The CAP was supplied by Hangzhou Coben Pharmaceutical Co., Ltd. (China). The HPLC purities were 99.5 %. It was used without further purification. 5-FU (99.0 %), 5-FC (99.0 %), 5′-DFCR (98.0 %, i.e., USP Capecitabine Related Compound A [20]), and 5′-DFUR (98.0 %, i.e., USP Capecitabine Related Compound B [20]) were purchased from the Aladdin Chemistry Co., Ltd. (Shanghai, China). Acetonitrile (ACN) (HPLC purity grade) and ammonium acetate (analytical purity grade) were purchased from Shanghai Zhanyun Chemical Co., Ltd. (Shanghai, China). Ultrapure water was produced by a Millipore Elix3 (Billerica, MA, USA) water purifying system.

Experimental methods

The TG, DTG, and DSC curves for CAP decomposition were obtained using an SDT-Q600 simultaneous thermal analyzer (TA Instruments Inc., USA) and an alumina ceramic crucible containing 8 mg of sample in either nitrogen or air atmospheres (80 mL min−1). The software package provided by the manufacturer was used for estimating the decomposition kinetics and the prospective lifetime for CAP. Four different heating rates were used: 2.0, 5.0, 10.0, 15.0 °C min−1 from ambient to 800 °C.

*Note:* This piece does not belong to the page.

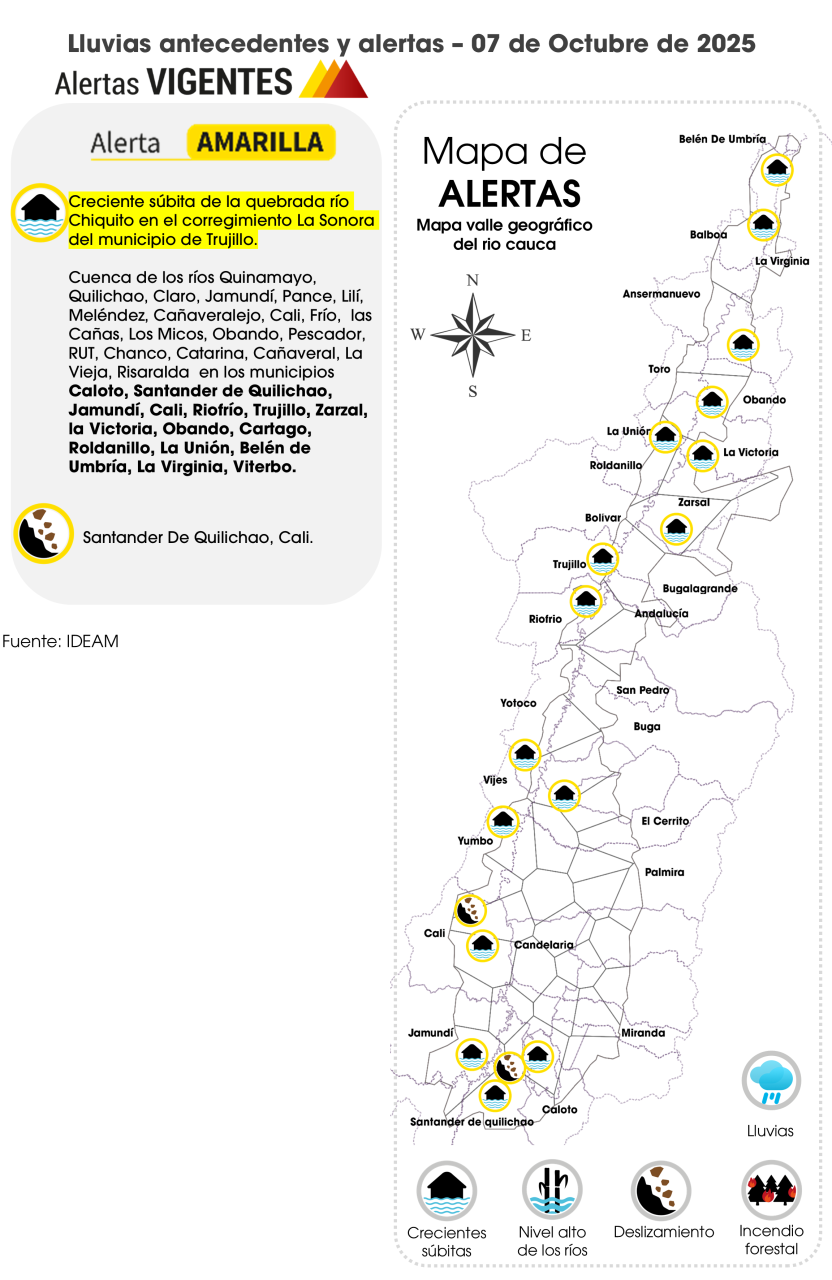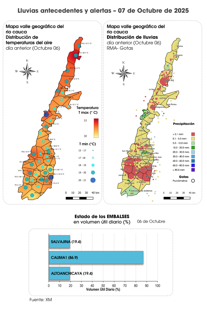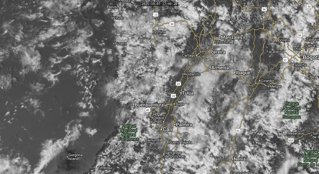 La mañana presentó cielo nublado con algunas lloviznas aisladas. En la tarde se prevén lluvias ligeras en Norte 2a y 2b, piedemonte de Centro Oriente; chubascos en piedemonte de Guachinte y en la zona Sur. En la noche lluvias ligeras en el valle del río Risaralda, Norte 2b, Centro Sur y Sur. /// Pronóstico Octubre 8: Se proyecta un día con cielo nublado y mayormente nublado con intervalos de ligeras a moderadas en el centro occidente y centro del valle del río Cauca, Centro Occidente, Norte 2, Centro Oriente, Centro Sur. En la zona Sur al caer la tarde y en la noche se estiman lluvias moderadas.

The residues from thermal decomposition were prepared in an SDT-Q600 simultaneous thermal analyzer using an alumina ceramic crucible containing 10 mg of sample under nitrogen at a flow rate of 80 mL min−1 and heating rate of 10 °C min−1 from room temperature to the selected temperature. Endpoints included the beginning of mass loss, peak of DTG curve, and end of the first mass loss, etc.

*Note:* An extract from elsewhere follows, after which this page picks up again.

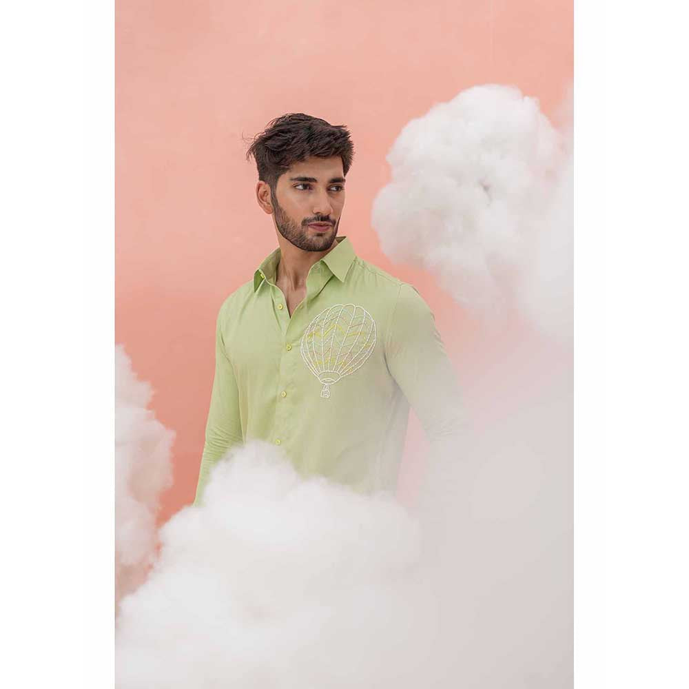 Description : A Light Green Vegan Silk Shirt, Meticulously Hand-Embroidered With Cut Pipes In White, Blue, Pink, And Yellow, Forming A Vibrant Hot Air Balloon. This Design Captures The Fresh And Exhilarating Vibes Of Summer, Blending Formal Elegance With A Playful After-Party Spirit. Perfect For Those Who Want To Infuse Their Wardrobe With A Touch Of Adventure While Maintaining APolishedLook.

The TG–FTIR analysis was conducted using an SDT-Q600 Thermal Analyzer coupled with a Nicolet iS10 FT-IR spectrophotometer (Thermo Fisher Scientific Inc., USA) equipped with a stainless steel transfer line and gas cell. Approximately 20 mg of sample was heated from room temperature to 700 °C at 20 °C min−1. These experiments were carried out in both dry nitrogen and dry air. The flow rate of gases into the TG–FTIR cell was 80 mL min−1. Both the gas cell for IR detection and the connection line transferring evolved gases from TG to FTIR were kept at 200 °C to prevent gas condensation. The IR spectra of the evolved gases were collected at 6 cm−1 resolution with co-adding of 32 scans per spectrum from 4000 to 500 cm−1.

The IR spectra of CAP and solid residues of thermal decomposition were obtained using a Nicolet iS 10 FT-IR spectrophotometer. The spectra were collected by accumulating 32 scans at a resolution of 4 cm−1 from 4000 to 400 cm−1 using a KBr pellet technique.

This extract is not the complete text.